Over €500k to bring vacant housing units back into use in Limerick


Over €500k to bring vacant housing units back into use in Limerick

The Council has said that the level of vacant properties is reducing thanks to this programme

MORE than €500,000 is being provided to Limerick City and County Council to refurbish 32 ‘void’ and vacant housing units.

Minister for Housing, Planning, Community and Local Government Simon Coveney has announced the allocation of funding of over €24 million nationally for the return of over 1,400 vacant local authority properties to productive use this year.

Thirty-two homes across Limerick city and county will be brought back into use after €554,000 in funding was allocated to the local authority as part of the nationwide scheme.

The move is a continuation of the Government’s commitment under the Social Housing Strategy to deliver 47,000 housing units by 2021 at a cost of €5.35 billion.

Minister Coveney said the plan will bring another 1,400 housing units back into use for homeless households and families on housing waiting lists.

Mr Coveney said that feedback from local authorities in respect of this programme has been “very positive” since its introduction in 2014.

“These measures will also greatly assist local authorities in achieving quick turnaround and re-letting times for such units.

“These measures will mean that there will not be a high number of vacant units, and local authorities will be continued to be supported in the remediation of any such vacant units that do occur.

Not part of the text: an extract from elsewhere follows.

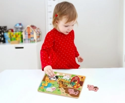 Ponorte sa do krásneho, pohodového dňa na farme s naším vkladacím puzzle. Výrobok sa skladá zo základne a siedmich odnímateľných dielikov, ktoré deťom umožňujú precvičovať zmyslové zručnosti a jemnú motoriku. Deti sa naučia trpezlivosti, zatiaľ čo objavujú rozmanitosť zvieracích priateľov.

“I’m happy to be able to continue the vacant property programme and to support the local authorities in the provision of funding for these very worthwhile and important schemes for local authority tenants,” concluded the Minister.

Seamus Hanrahan, senior architect with Limerick City and County Council, said they have identified units across the city and county that can be renovated and reoccupied by families and individuals in need of a home.

“The level of local authority vacant houses in Limerick has been constantly reducing as a result of this funding programme over the past number of years.”